BRUNSWICK — After winning four world championship titles for powerlifting, Ryan Martin decided to use his passion to give back to his community.

Martin is the organizer of the second annual Squats for Tots powerlifting competition, which will take place Saturday at Black Bridge Crossfit in Brunswick from 9 a.m.-1 p.m.

The meet benefits the Toys for Tots Foundation, an organization run by the U.S. Marine Corps that collects new, unwrapped toys each year between October and December. The toys are distributed as Christmas gifts to less fortunate children in the community.

Martin said after receiving approval to hold a small meet at the facility around this time last year, he realized it would be a great opportunity to tie in philanthropy. He said he doesn’t work for Black Bridge Crossfit, but is allowed to use the space for the event.

“It’s nice for us strength athletes to donate to charities (that) help those who can’t help themselves,” he said. “I basically only donate to children’s charities.”

After he came up with the idea, Martin said he put together the first Squats for Tots event last year in approximately two weeks, asking lifters he knew if they wanted to participate. He ultimately had 21 lifters sign up, and said he collected between 60 and 70 toys for Toys for Tots.

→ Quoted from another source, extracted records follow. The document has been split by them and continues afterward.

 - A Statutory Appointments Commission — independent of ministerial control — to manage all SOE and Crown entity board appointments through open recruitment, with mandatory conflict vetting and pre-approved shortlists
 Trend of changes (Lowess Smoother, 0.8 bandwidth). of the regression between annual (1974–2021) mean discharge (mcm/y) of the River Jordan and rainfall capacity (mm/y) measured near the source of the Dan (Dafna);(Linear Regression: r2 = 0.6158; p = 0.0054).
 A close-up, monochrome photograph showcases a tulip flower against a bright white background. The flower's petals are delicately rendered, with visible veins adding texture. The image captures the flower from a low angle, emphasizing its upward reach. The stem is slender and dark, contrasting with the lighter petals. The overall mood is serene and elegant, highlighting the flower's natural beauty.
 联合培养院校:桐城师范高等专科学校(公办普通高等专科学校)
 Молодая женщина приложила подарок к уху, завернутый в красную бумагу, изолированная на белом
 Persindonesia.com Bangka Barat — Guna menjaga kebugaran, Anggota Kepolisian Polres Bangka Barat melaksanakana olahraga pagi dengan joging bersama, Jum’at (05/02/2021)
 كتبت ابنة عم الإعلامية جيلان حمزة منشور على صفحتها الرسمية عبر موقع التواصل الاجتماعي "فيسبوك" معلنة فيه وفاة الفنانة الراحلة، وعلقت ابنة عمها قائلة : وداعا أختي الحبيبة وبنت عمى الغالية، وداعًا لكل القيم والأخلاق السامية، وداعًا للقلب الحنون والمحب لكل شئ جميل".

Martin said following last year’s success, he has made an effort to get the word out further in advance this year, by promoting the event on social media and in other ways for the past two months. He does not have a definite number of lifters that will compete this year, but said 40 is a safe estimate, nearly doubling last year’s participation.

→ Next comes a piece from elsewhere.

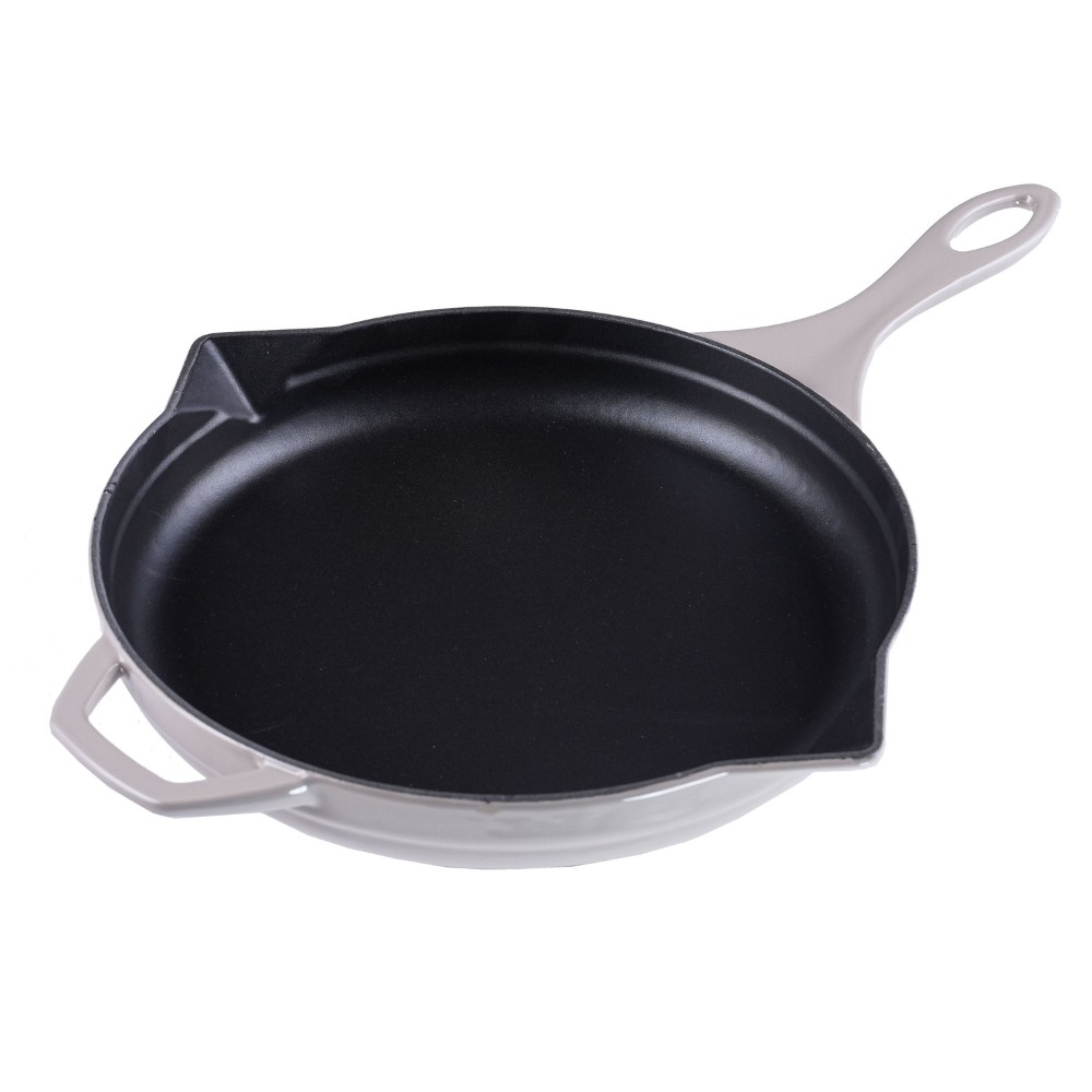 Jede Pfanne verfügt über einen kurzen Griff für den einfachen Transport zum und vom Tisch. Der lange Griff verfügt über ein Aufhängeloch zur einfachen Aufbewahrung und die beiden integrierten Ausgießer erleichtern das Ausgießen von Flüssigkeiten.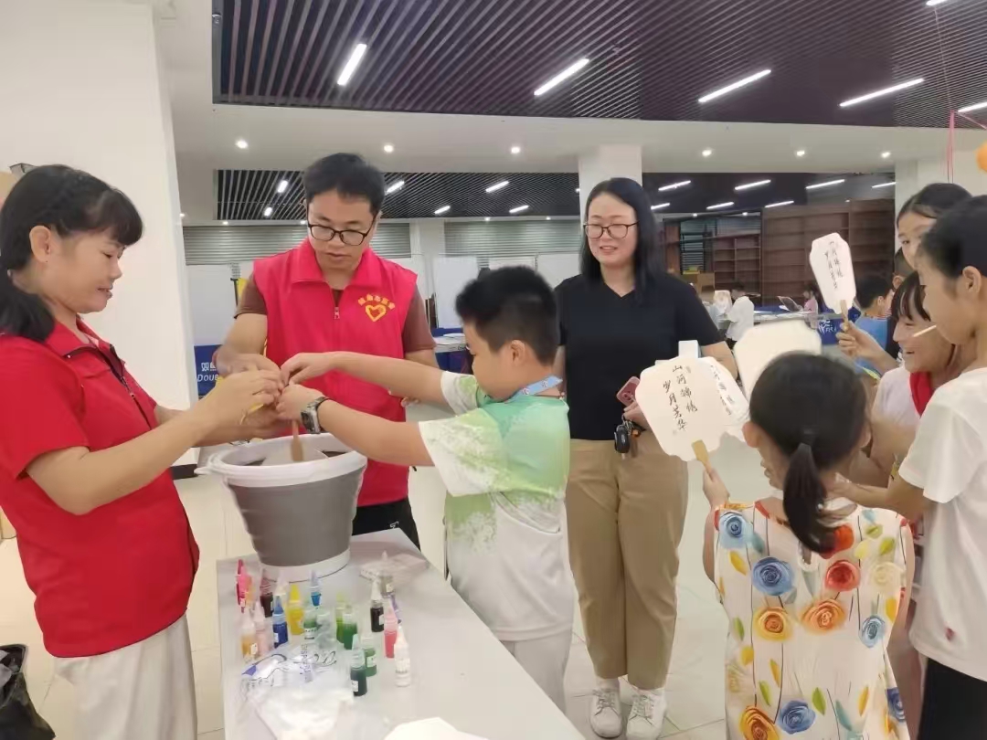 在文化傳承體驗(yàn)區(qū),“醒獅手工燈籠制作”與“非遺漆扇體驗(yàn)”尤其引人注目,吸引了不少親子家庭參與。在志愿者認(rèn)真指導(dǎo)下,家長(zhǎng)與孩子們默契配合,全神貫注地投入到創(chuàng)作中。當(dāng)一個(gè)個(gè)栩栩如生的醒獅燈籠在手中點(diǎn)亮,當(dāng)一把把獨(dú)一無(wú)二的漆扇在指尖綻放絢麗的色彩,孩子們臉上綻放出燦爛而欣喜的笑容,家長(zhǎng)則在親密協(xié)作中感受到濃濃的溫情。

Lifter sign-ups will be the day of the meet, and tickets to Squats for Tots can be purchased through a link on the event’s Facebook page. The entry fee for athletes is $10, plus an unwrapped toy, which the event’s Facebook page asks be in the $20 range. The spectator fee is also $10, and Martin asks those who come to bring an unwrapped toy as well. All levels are welcome, and singlets are not required, but holiday attire is encouraged.

Lifters and organizers of Squats for Tots pose for a group photo at last year’s event. The Forecaster/Contributed photo

Along with having an opportunity to donate to charity, Martin said he thinks the meet gives novice lifters who might not try competing otherwise a chance to get a taste of what it’s like.

“A lot of lifters won’t try something like this because a lot of meets cost over $100 to join,” he said. “So for (about) $20 they get to try it out.”

Martin also said his event will have more collaboration from Toys for Tots this year, whereas last year he organized the event on his own and dropped the toys off at Brunswick Landing afterward. The organization is sending two Marines to attend the event, and a Marine will be competing as well.

The top three lifters in each category for both the women’s and men’s division will be given a prize, which Martin said are all holiday themed, such as nutcrackers and Christmas ornaments. He said costumes are a way to break up the monotony of the competition for both spectators and competitors.

“I kind of like making things a little more light and a little more fun for stuff like this,” he said. “These things tend to run long and drawn out, and if I can bring some levity to a long, boring day (it’s a good thing).”

He also said the level of talent that will be competing is impressive.

“It is a charity event, it is for fun, but the caliber of lifters we have coming is astronomical,” he said. “We have anyone from people that have never lifted, to multi-world champions. There will be people benching 100 pounds and some benching 700.”

Making the competition a charity event has also led some lifters to tell Martin their personal stories. The organizer said one elite lifter pulled him aside during last year’s competition, and told Martin the first Christmas gift he’d ever received as a child came from Toys for Tots.

For another lifter, a woman from Martin’s training group, Squats for Tots will be her first powerlifting meet ever. She promised herself she would get into strength sports after beating cancer five years ago.